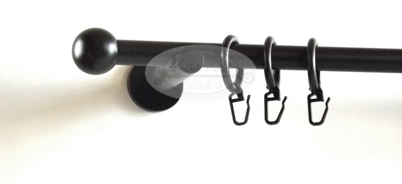 A SOPRON fekete 300 cm-es 2 rudas karnis szett tartalma: 2 db fekete 300 cm-es fém karnisrúd a választott hosszúságban 2 db Sopron típusú fekete fém végzáró 2 db Veszprém típusú kis gömb végzáró 3 db falra szerelhető fém konzol a felszereléshez szükséges tiplik és csavarok 60 db fekete műanyag függönykarika ráncszedő kampóval
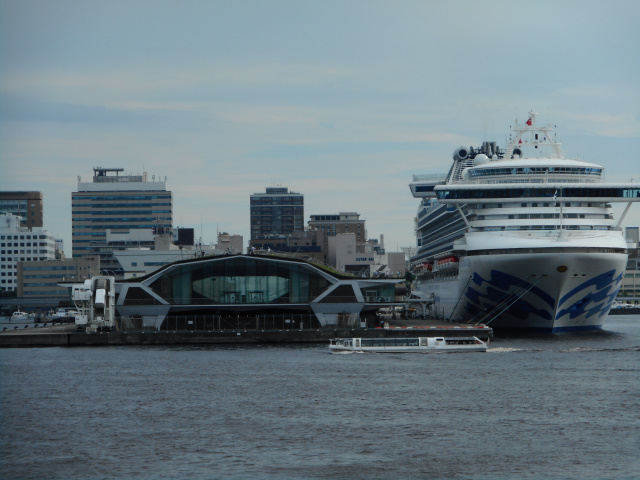 みなとみらい線日本大通り駅から徒歩7分で大さん橋ターミナル入り口に着きます。もう少し歩くとターミナルビルが見えます。ロイヤルウイングのほかにも、豪華客船が止まっていて、そのお客もかなりいたし、ロビーは、蒸し暑かった。中には、飲食店や、ショップも入っています。乗船まで、展望デッキで見るのもいいですよ。乗船して、点心セットを食べたらデッキに出ると、ベイブリッジをくぐるのを見たり、みなとみらい付近を一周してかえってきます。他に時間でランチクルーズ、ディナークルーズがあります。お値段が高くなりますが、一回は、経験してもいいかも。ちょっと旅した気分になれます。
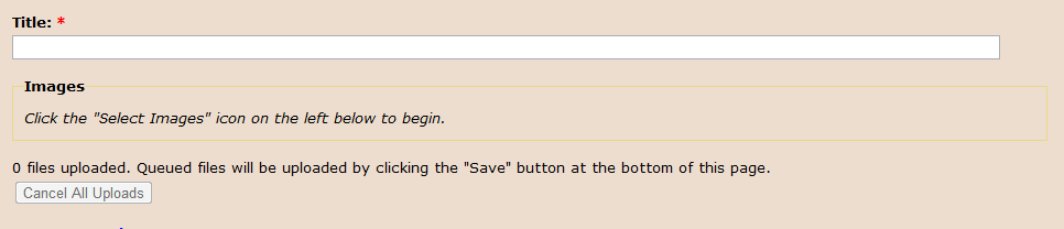 I'm a Drupal newbie and trying hard to learn things. I am working on a site that tries to implement uploading images by bulk. I've done few research an able to pick one..image_fupload module. However, when I finished creating a new content type and try to create it I could not see the icon. The uploader button doesn't showed up. Please see the attached file for reference. I tried to reconfigure image fupload but I got the same result in trying to create a content. I don't know what went wrong. Please, your help is highly appreciated.
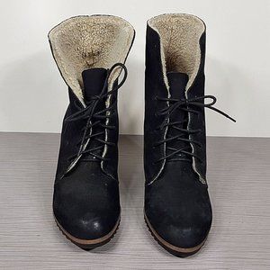 Caslon Gaby Faux Shearling Lace-Up Bootie, Black Leather, Womens Size 9 & 12
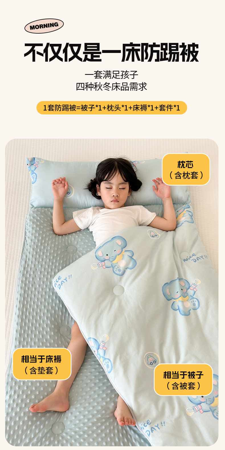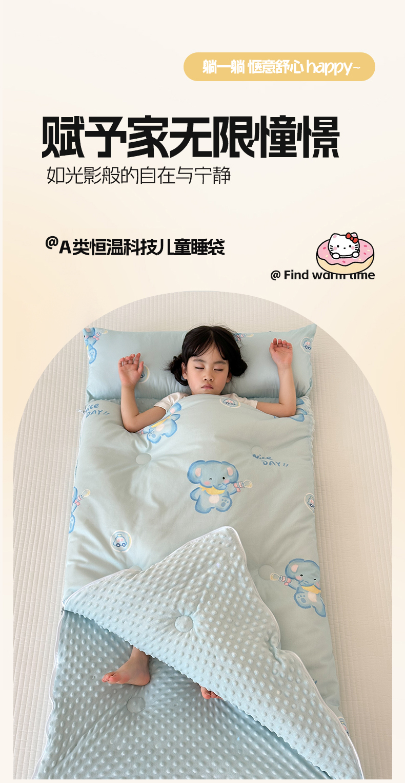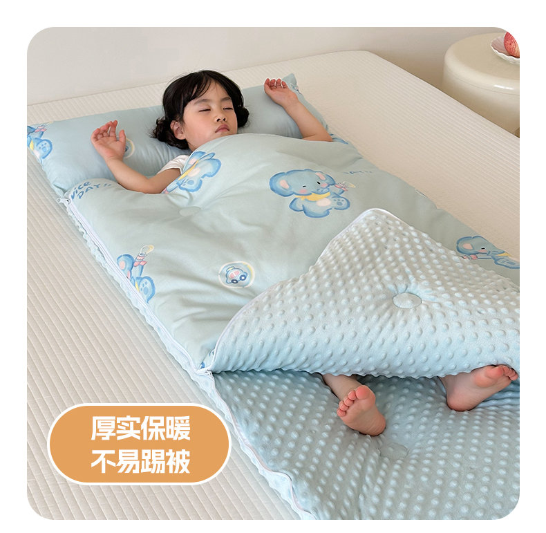 商品名称:嗨生活 2025秋冬加厚儿童睡袋全棉+豆豆绒一体防踢被儿童睡袋 快乐小象
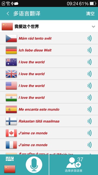 1、语音实时翻译到语音,支持62种国家和地区语言。
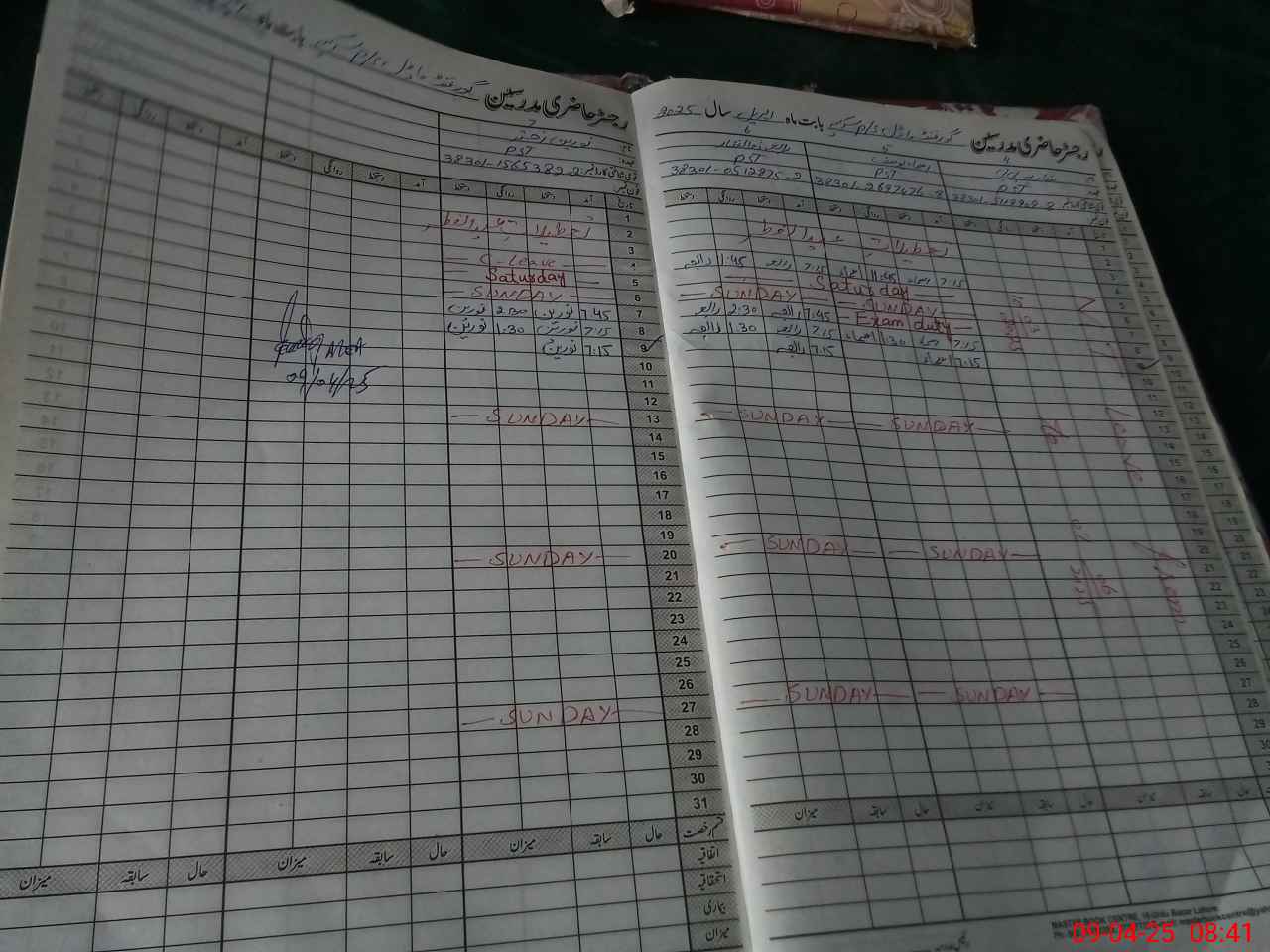 | CNIC | Full Name | Designation | R/C | Absence During Last Calender Month |
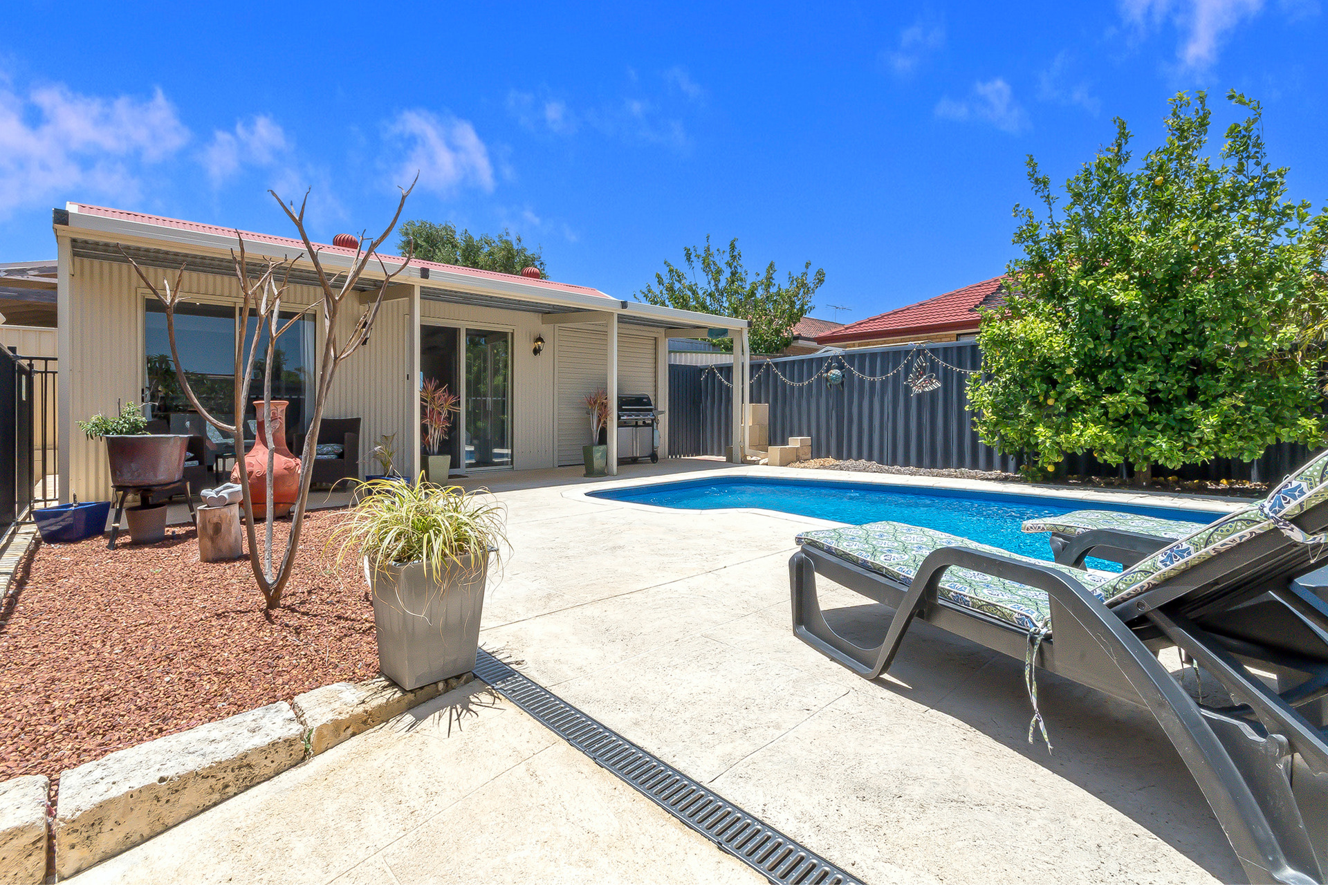 At the far end, the patio steps up to the stunning elevated below-ground pool. Sparkling, bright and beautifully finished, this summer oasis catches the light across its crystal-clear water. There’s plenty of surrounding space for lounges, gazebos, or any resort-style additions you can imagine, a dream setup for families who love to spend their summers outdoors.
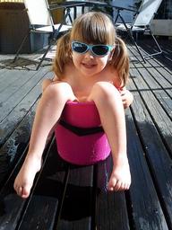 Keywords: summer soak fun water outdoor happy bucket girl porch smile sun happiness young smiling
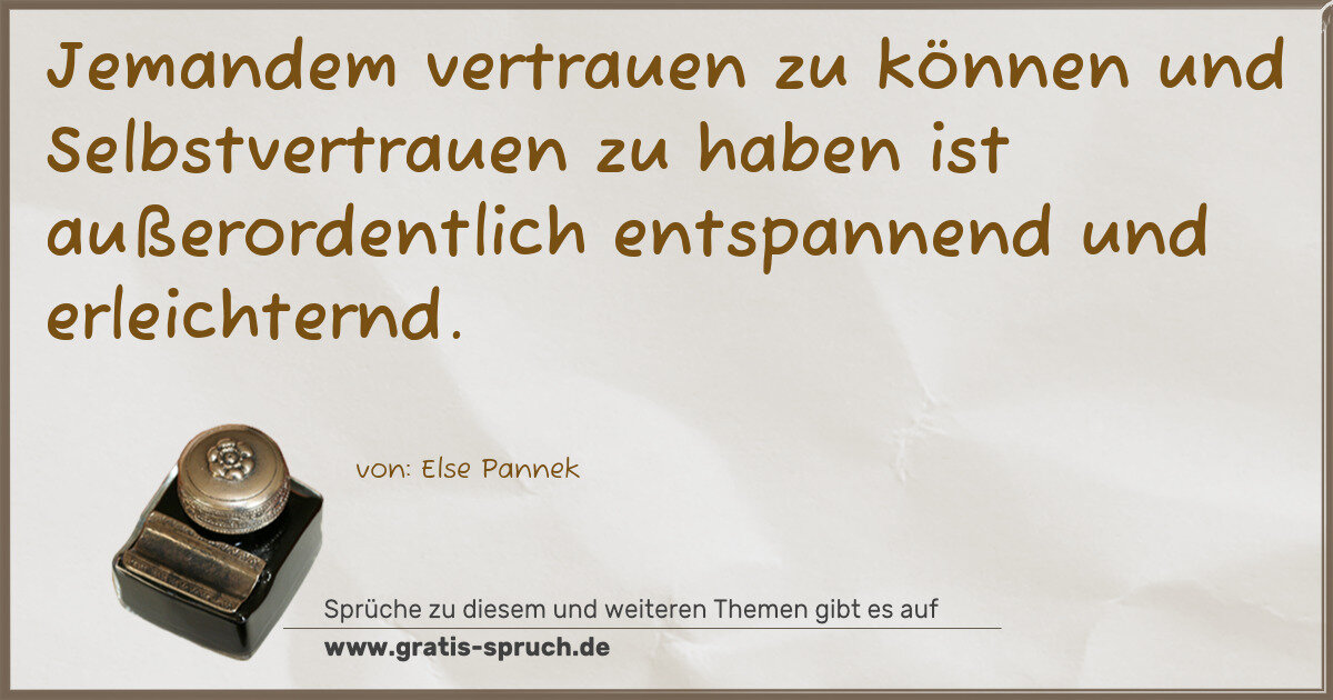 Jemandem vertrauen zu können und Selbstvertrauen zu haben ist außerordentlich entspannend und erleichternd.
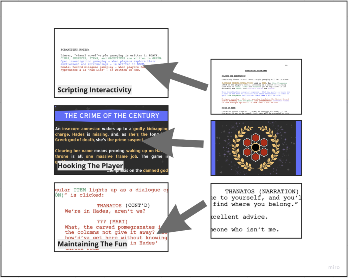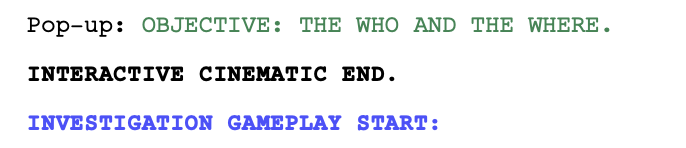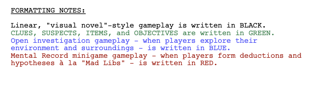 - Ideating Formatting: I’ll trim down my formatting into three simple gameplay segments (Interactive Cinematics, Investigation, and Mental Record Minigame) in order to keep the script legible.
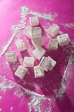 Whether used for candy or medicine, the manufacture of marshmallows was limited to a small scale. In the early to mid-19th century, the marshmallow had made its way to France, where confectioners augmented the plant's traditional medicinal value. Owners of small confectionery stores would whip the sap from the mallow root into a fluffy candy mold. This candy, called Pâte de Guimauve, was a spongy-soft dessert made from whipping dried marshmallow roots with sugar, water, and egg whites.[7][8] It was sold in bar form as a lozenge. Drying and preparation of the marshmallow took one to two days before the final product was produced.[9] In the late 19th century, candy makers started looking for a new process and discovered the starch mogul system, in which trays of modified corn starch had a mold firmly pushed down in them to create cavities within the starch. The cavities were then filled with the whipped marshmallow sap mixture and allowed to cool or harden.[10] At the same time, candy makers began to replace the mallow root with gelatin, which created a stable form of marshmallow.[5]
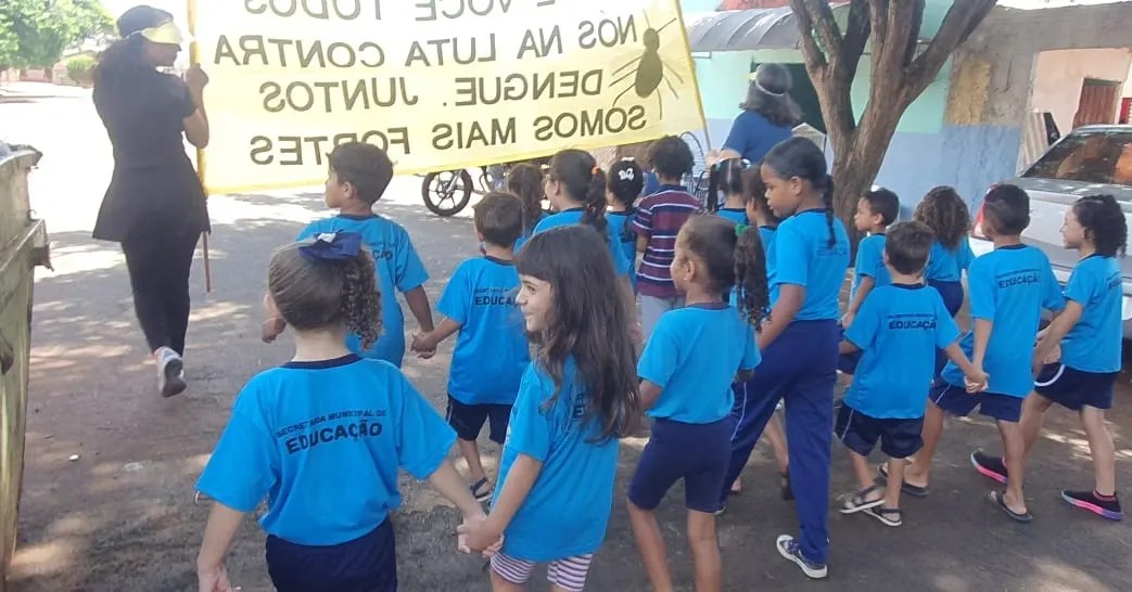 As crianças que estudam no CMEI Hans Helmut Behrend, San Fernando, com apoio de toda comunidade escolar, fizeram uma passeata em algumas ruas do bairro e entregaram panfletos de conscientização do cuidado contra a dengue aos moradores.
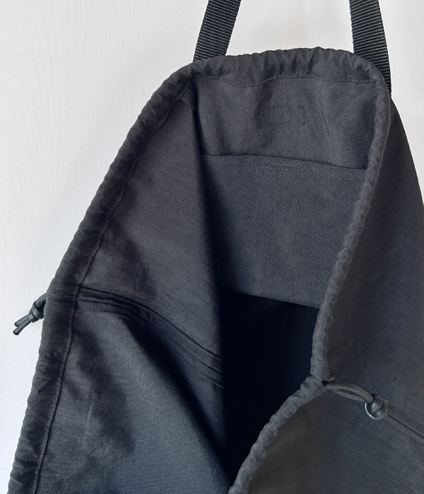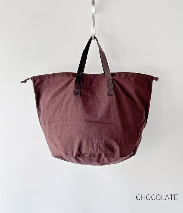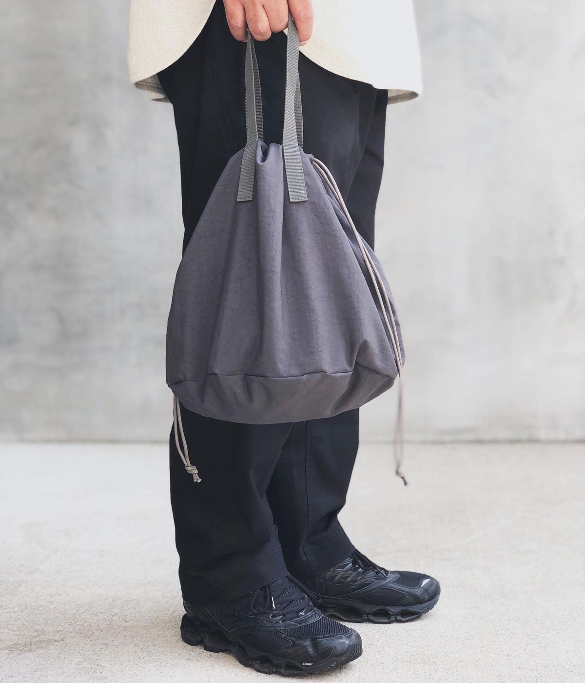ERA.から、TAS HELMET BAGが入荷しました。イギリス空軍のヘルメットバッグをモチーフに、コットンのような肌触りの撥水性タッサーナイロンで仕立てたユニークなバッグ。口をコードで絞れる巾着仕様なのでボリューム感を調整でき使いやすいです。バッグ本体を内ポケットに収納可能なパッカブルデザイン。
----------------------------------------
- Task objective
Print exactly the lines above that run from the one with "I'm a Drupal" to the one with "Calender Month |", both included. No pictures.

- Exercise response
 I'm a Drupal newbie and trying hard to learn things. I am working on a site that tries to implement uploading images by bulk. I've done few research an able to pick one..image_fupload module. However, when I finished creating a new content type and try to create it I could not see the icon. The uploader button doesn't showed up. Please see the attached file for reference. I tried to reconfigure image fupload but I got the same result in trying to create a content. I don't know what went wrong. Please, your help is highly appreciated.
 Caslon Gaby Faux Shearling Lace-Up Bootie, Black Leather, Womens Size 9 & 12
 商品名称:嗨生活 2025秋冬加厚儿童睡袋全棉+豆豆绒一体防踢被儿童睡袋 快乐小象
 1、语音实时翻译到语音,支持62种国家和地区语言。
 | CNIC | Full Name | Designation | R/C | Absence During Last Calender Month |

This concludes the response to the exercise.